I believe the contract should be binding as Aqua filled their obligations to the contract. Aqua drilled the
well exactly as required and made no guarantee or warranty that water would be produced. Since Aqua
did everything they promised to do they weren't lacking consideration to the contract and Atlas should
be required to pay for services rendered.

15.7: Red Devil Firework Co. v. Siddle, 648 P.2d 468 (Wash. App)

Yes, the defense was valid. The contract was entered into with both sides knowing Siddle wasn't
permitted to purchase fireworks. The sale was illegal so this makes the contract void and
unenforceable. Neither side can sue the other for not performing on the contract.

15.8: Home Paramount Pest Control Companies, Inc. v. Shaffer, 718 S.E.2d 762 (Va.)

Even though the non-compete clause was signed, I believe the scope of the clause was too broad to
make it enforceable and the court should rule for Shaffer. It's stated that non-compete clauses must be
narrowly drawn to protect the employer's business interests, not unduly burdensome or geographically
restrictive, and has a reasonable time limitation. The specifics of this non-compete violated those
conditions to make it enforceable by its wide geographical limitations as well as the 2 year time
limitation.

15.12: Potomac Leasing Co. v.

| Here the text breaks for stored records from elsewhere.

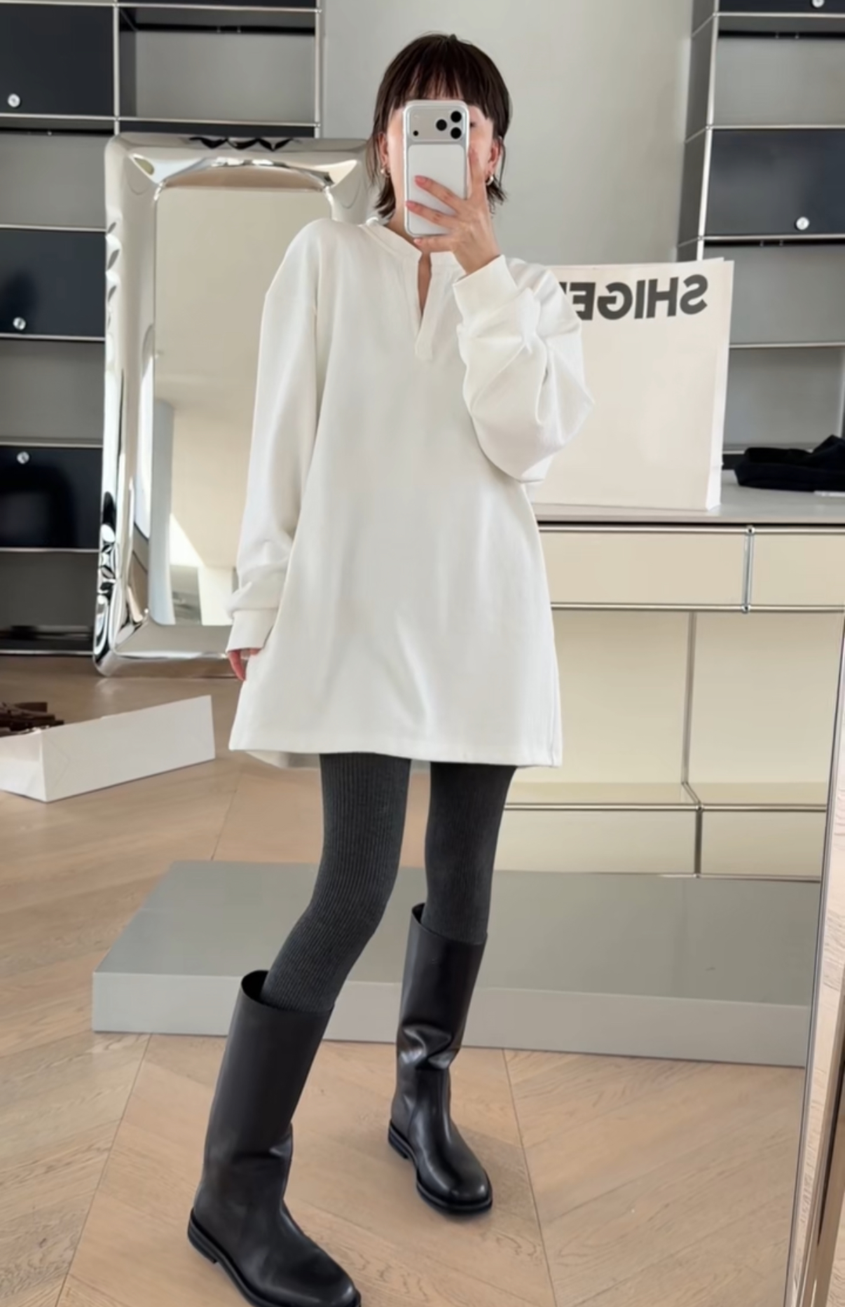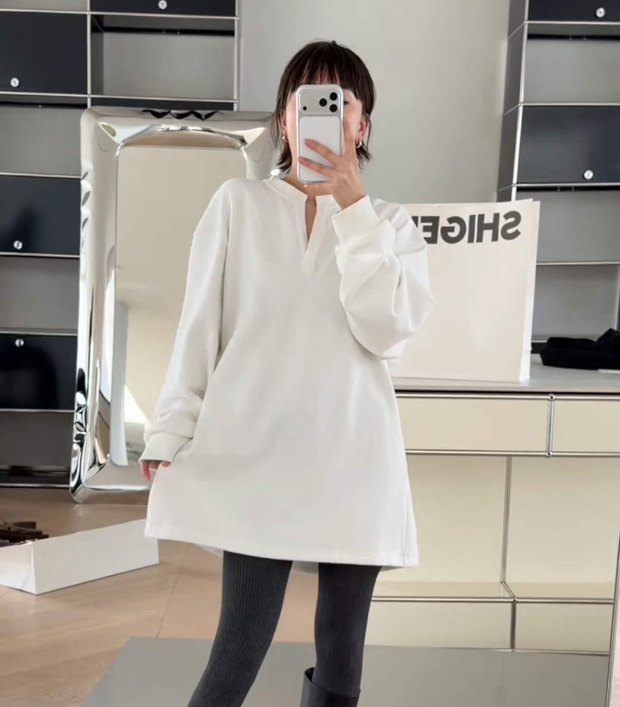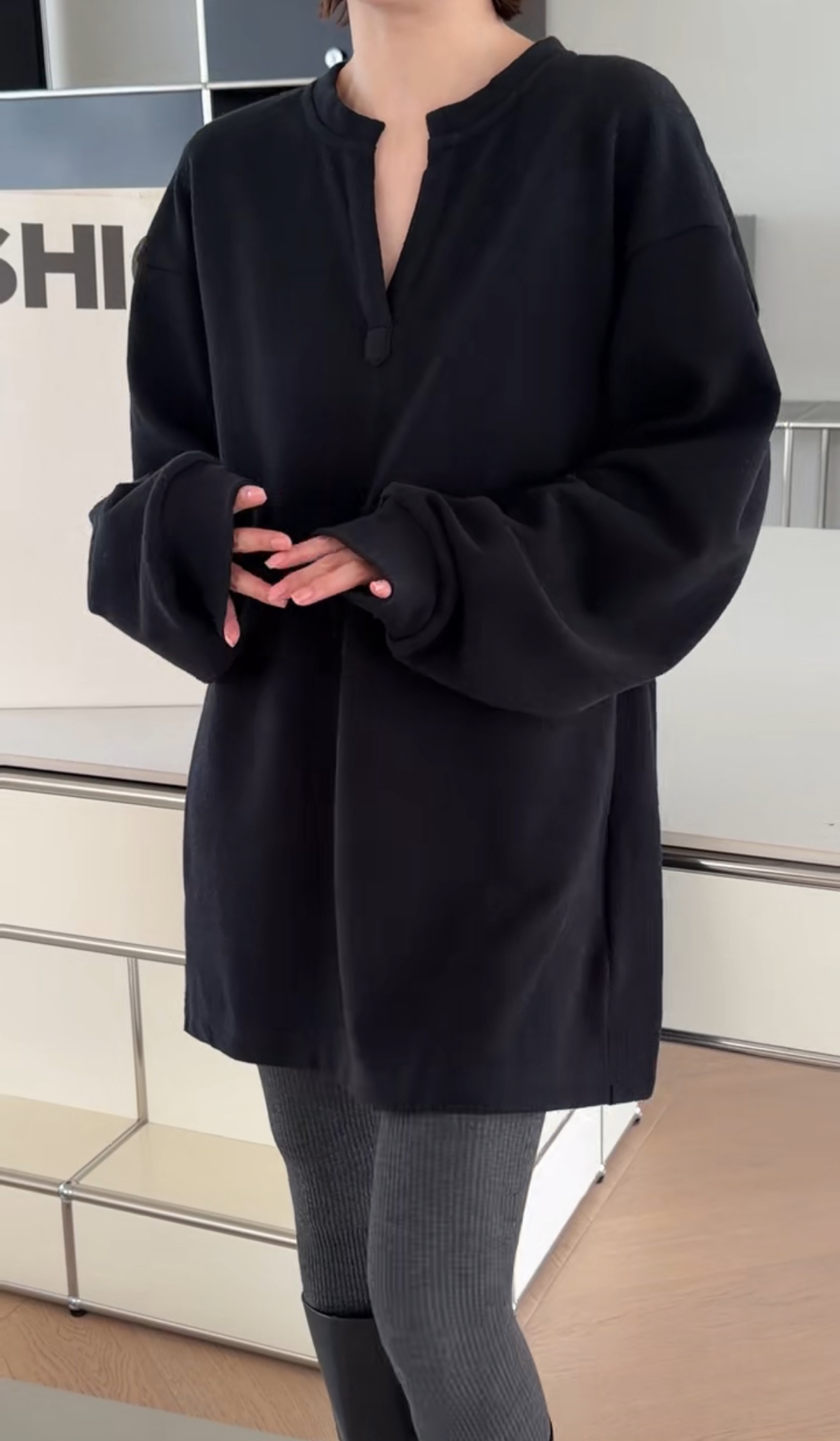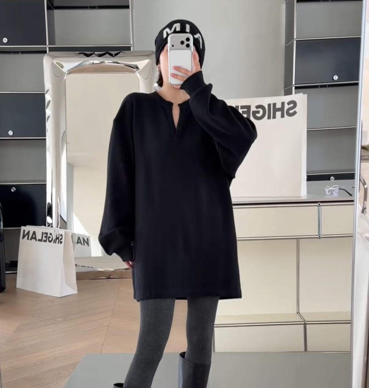 妍西家 诗歌兰女装25秋冬款25560百搭黑色V领中长款加厚长袖T恤女
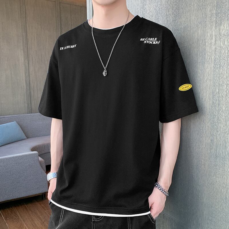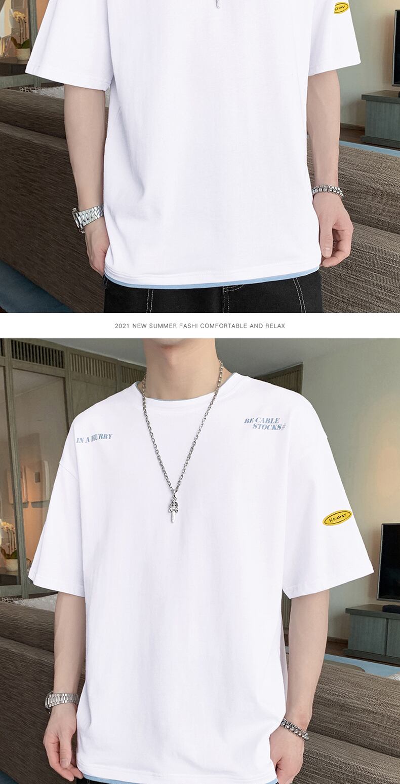 Men's short-sleeved T-shirt summer 2022 new half-sleeved loose ice-sensing national tide ice silk tide brand white large size clothes ホワイト 大きめサイズ サマー 夏物 シルク Tシャツ doushi26287399923
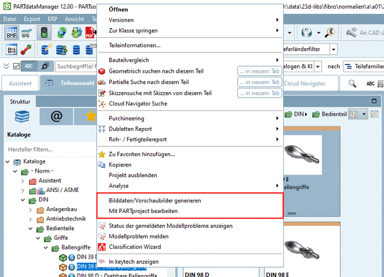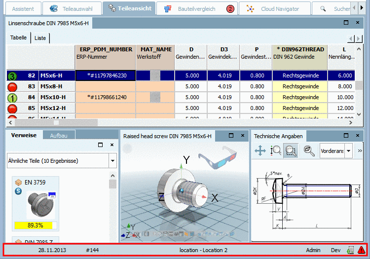 Wird "Dev" angezeigt, stehen im PARTdataManager entsprechende Kontextmenüs zur Katalogentwicklung zur Verfügung.
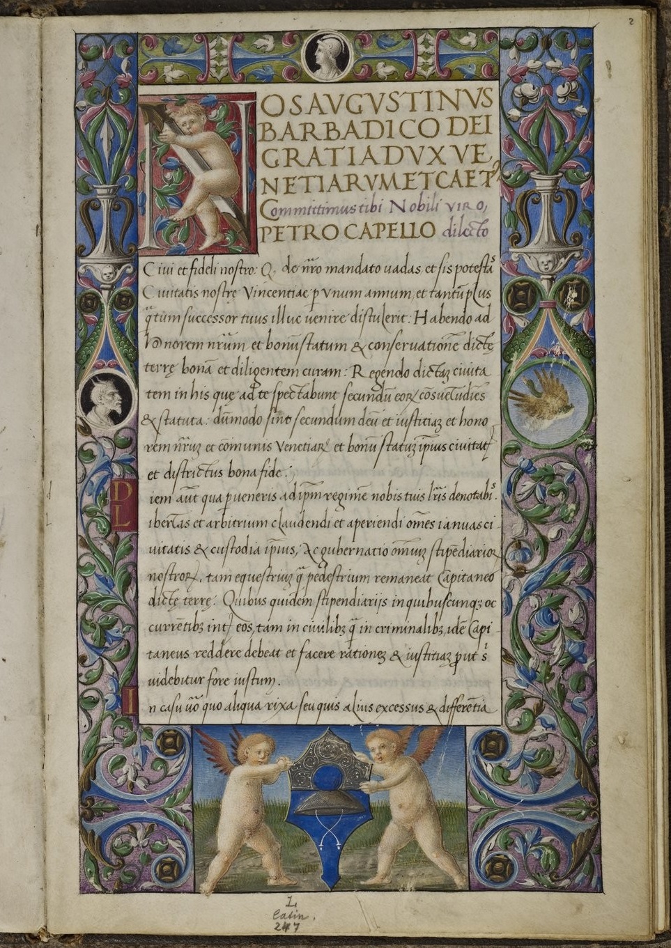 Le décor est fait de motifs végétaux qui enserrent des médaillons imités des camées antiques : l’un représente une tête casquée de Minerve, l’autre celle d’un faune. Un canard s’envole sur un troisième médaillon, représenté au naturel, vu du dessus. Ces motifs sont inspirés des grotesques romaines. La belle lettrine est « habitée », car un putto (sans ailes) s’y trouve aux prises avec la lettre elle-même, un N. Il semble vouloir grimper dessus au risque de s’y blesser, car le rendu de la lettre évoque un instrument coupant. Les six premières lignes du texte sont écrites en totalité ou en partie en capitales romaines à l’or et une brève insertion à l’encre violette les complète. Les armoiries parlantes de Pietro Capello sont figurées au bas de ce premier feuillet, soutenues par deux autres putti ailés, bien joufflus.
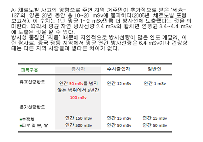 앞에서 고선량과 저선량에 따른 확정적, 확률적 영향에 대해 알아보았다. 그러면 고선량과 저선량, 고선량률과 저선량률의 경계는 어디일까? 선량에 대해서는 ICRP 1990년 권고 및 UNSCEAR 2000년 권고에서 200mGy 이하를 저선량, 선량률에 대해서는 ICRP 1990년 권고가 0.05mGy/분=3mGy/시간 이하, UNSCEAR 2000년 권고에서는 0.06mGy/분=3.6mGy/시간 이하를 저선량률로 정의하고 있다.

Vitality Centers, Inc., 718 S.W.2d 928 (Ark)

I don't believe this defense was valid. State statutes prohibited random sales solicitation from
automatic telephones but Potomac had no knowledge of the intended use of the automated phones by
Vitality. The act of leasing automated phones isn't illegal. Even the rules of partial illegality state that
should a contract contain promises that are illegal, the legal promises are enforceable. So the contract
for legally leasing automatic telephones should be enforceable.